Meeting video recording: https://drive.google.com/file/d/10Fu646PITuoTNUdEZ3RCToRv-LoKacQ1/view?usp=drive_link

  1. Assign meeting lead and note taker.

  2. Greetings & introductions as needed.

  3. Updates from each org on the call - 2U, eduNEXT, OpenCraft, Raccoon Gang. What's new with your deployment(s)?

@Gábor Boros at OpenCraft was on holiday, is back now and is working on reviewing PRs where he is tagged. (For the Karpenter PR, @Jhony Avella has closed it and opened a new PR with rebased changes etc.
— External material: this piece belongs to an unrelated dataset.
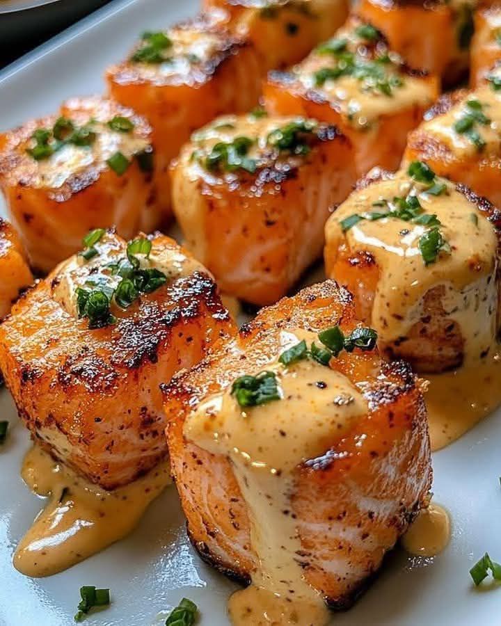 – 1 lb de filet de saumon, peau enlevée, coupée en morceaux de bouchée

It’s not quite ready for merge, and needs some adjustments for the new Helm chart release etc.)

@Moisés González for eduNEXT: the last two weeks have been fairly uneventful.

@Felipe Montoya The cluster that we’ve had Harmony running on for two weeks has been mostly stable, with some of the usual issues that we always see on our clusters.

We’ve been looking into the best ways to host production-grade MFEs in a cluster. At the end of the day, a CDN works way better than the alternatives we’ve tried. So we’re working on a tutor plugin to make it easy to set up a CDN.

@Braden MacDonald : an MFE deployment just needs a few static files hosted on a CDN, doesn’t it?

OpenCraft

@Felipe Montoya : Currently, the tutor-mfe plugin builds a docker image, which is then downloaded onto the cluster and the files are served via Caddy. So without a CDN in place, Caddy can become a bottleneck. It’s true it would be nicer without the docker images as a middle step but that’s too complex for now, because it’s not how Tutor currently works.

Racoon Gang

@Maksim Sokolskiy @ Racoon Gang : Mostly testing Harmony on my local machine and it’s working well. Re our recent big migration to Kubernetes: everything mostly was fine but at the end of the big exam period we encountered a huge degradation of RDS. Issue seemed to be related to the huge amount of data and historical data from the two week period, so looking at the retention policy. AuroraDB doesn’t provide the kind of sharding or horizontal scaling we need, and vertical scaling won’t help, so we’re trying to figure out a better solution, with something like multi-master sharding for MySQL.

@Felipe Montoya : we tried using Percona multi-master but found it was only using a single master node. Then we found a proxy SQL solution which gave way more control over how transactions were routed, but it failed spectacularly due to transaction atomicity issues.

@Jeremy Bowman (Deactivated) If you’re encountering MySQL scaling issues, consider documenting them in the related discussion at https://discuss.openedx.org/t/evaluating-big-technology-changes-like-postgresql-support/10643 .

eduNEXT

@Moisés González We have also been encountering some issues with Redis; over time, it fills up and we have to purge it. This is ElastiCache redis. @Gábor Boros We saw a similar issue with Tutor-deployed clusters. @Maksim Sokolskiy We saw a similar issue: RDS was locked, but Redis continued to be filled with the grade tasks until it overflowed by ~8GB until it eventually crashed. @Felipe Montoya We saw heartbeat failures and it looked at first like MySQL was slow, but on a hunch I looked into Redis and found that it was the real culprit, even though it seemed like MySQL was the issue. @Maksim Sokolskiy We enabled “frozen score” in the django admin, because re-calculating the grades on every score submission was resulting in a crazy level of load on the system.

2U

As mentioned, we’re exploring how to evaluate large tech changes like PostgeSQL support: Big Technology Changes .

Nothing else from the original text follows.